In the data below, locate the line containing "- ONE SIZE BBQ" and the line containing "简约百搭不掉色手环 时尚 新品 爱心铸造不锈钢手镯女生轻奢感", then retype both and everything between them exactly. Pictures are not part of the copy.

RECORDED INFORMATION.
# # #

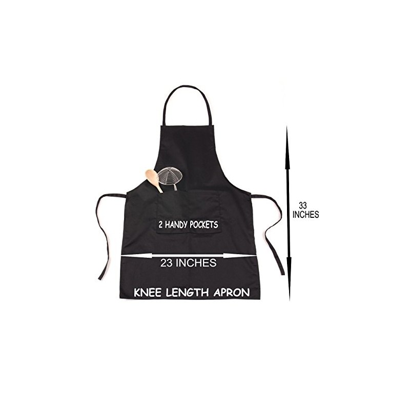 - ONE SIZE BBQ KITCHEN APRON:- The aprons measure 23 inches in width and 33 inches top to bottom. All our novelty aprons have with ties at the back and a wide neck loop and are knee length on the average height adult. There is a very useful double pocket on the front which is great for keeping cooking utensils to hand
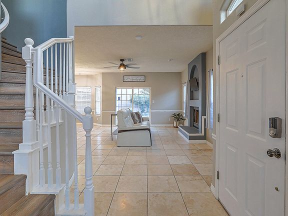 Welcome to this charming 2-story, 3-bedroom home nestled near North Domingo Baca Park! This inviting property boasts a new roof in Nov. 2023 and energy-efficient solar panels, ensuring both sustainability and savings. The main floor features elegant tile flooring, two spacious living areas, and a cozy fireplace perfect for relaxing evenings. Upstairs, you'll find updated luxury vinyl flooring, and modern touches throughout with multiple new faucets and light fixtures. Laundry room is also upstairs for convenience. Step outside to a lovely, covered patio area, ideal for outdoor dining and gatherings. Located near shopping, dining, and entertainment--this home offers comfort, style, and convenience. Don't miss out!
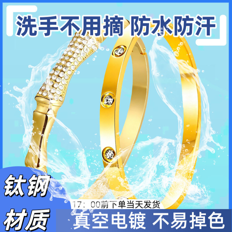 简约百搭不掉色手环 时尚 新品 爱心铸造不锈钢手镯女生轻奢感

# # #

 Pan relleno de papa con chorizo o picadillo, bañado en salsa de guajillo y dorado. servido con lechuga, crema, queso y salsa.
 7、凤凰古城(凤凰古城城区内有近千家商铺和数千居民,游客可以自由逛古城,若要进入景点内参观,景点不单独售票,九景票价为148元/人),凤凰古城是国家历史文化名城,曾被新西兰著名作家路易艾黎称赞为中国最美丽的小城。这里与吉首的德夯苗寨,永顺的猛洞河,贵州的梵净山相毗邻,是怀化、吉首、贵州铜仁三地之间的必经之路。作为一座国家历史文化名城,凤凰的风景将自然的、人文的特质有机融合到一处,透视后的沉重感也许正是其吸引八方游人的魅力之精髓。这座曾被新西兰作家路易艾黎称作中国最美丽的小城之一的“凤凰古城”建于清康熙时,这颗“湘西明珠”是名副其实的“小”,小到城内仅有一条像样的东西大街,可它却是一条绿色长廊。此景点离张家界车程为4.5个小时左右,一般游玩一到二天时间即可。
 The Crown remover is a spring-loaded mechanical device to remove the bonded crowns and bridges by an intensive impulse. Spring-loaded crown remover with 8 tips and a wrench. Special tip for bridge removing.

# # #

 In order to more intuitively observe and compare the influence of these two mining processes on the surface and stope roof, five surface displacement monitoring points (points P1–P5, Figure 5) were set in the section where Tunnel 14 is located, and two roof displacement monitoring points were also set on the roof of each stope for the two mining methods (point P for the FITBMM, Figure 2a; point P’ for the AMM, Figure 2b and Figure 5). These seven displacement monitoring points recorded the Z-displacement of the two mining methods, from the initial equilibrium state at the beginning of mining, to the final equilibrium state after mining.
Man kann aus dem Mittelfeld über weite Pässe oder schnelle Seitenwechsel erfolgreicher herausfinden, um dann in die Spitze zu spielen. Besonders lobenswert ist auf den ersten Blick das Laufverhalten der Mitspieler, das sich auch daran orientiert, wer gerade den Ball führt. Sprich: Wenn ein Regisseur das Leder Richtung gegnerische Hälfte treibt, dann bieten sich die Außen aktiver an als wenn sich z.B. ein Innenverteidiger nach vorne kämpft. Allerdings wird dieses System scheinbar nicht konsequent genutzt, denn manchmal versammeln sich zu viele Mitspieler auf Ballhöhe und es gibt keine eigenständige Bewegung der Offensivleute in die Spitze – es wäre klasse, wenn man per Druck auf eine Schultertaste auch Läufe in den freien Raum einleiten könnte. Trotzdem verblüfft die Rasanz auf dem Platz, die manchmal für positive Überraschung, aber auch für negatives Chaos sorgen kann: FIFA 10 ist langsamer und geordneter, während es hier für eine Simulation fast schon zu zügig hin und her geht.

# # #

RESULT OF THE TASK.
 - ONE SIZE BBQ KITCHEN APRON:- The aprons measure 23 inches in width and 33 inches top to bottom. All our novelty aprons have with ties at the back and a wide neck loop and are knee length on the average height adult. There is a very useful double pocket on the front which is great for keeping cooking utensils to hand
 Welcome to this charming 2-story, 3-bedroom home nestled near North Domingo Baca Park! This inviting property boasts a new roof in Nov. 2023 and energy-efficient solar panels, ensuring both sustainability and savings. The main floor features elegant tile flooring, two spacious living areas, and a cozy fireplace perfect for relaxing evenings. Upstairs, you'll find updated luxury vinyl flooring, and modern touches throughout with multiple new faucets and light fixtures. Laundry room is also upstairs for convenience. Step outside to a lovely, covered patio area, ideal for outdoor dining and gatherings. Located near shopping, dining, and entertainment--this home offers comfort, style, and convenience. Don't miss out!
 简约百搭不掉色手环 时尚 新品 爱心铸造不锈钢手镯女生轻奢感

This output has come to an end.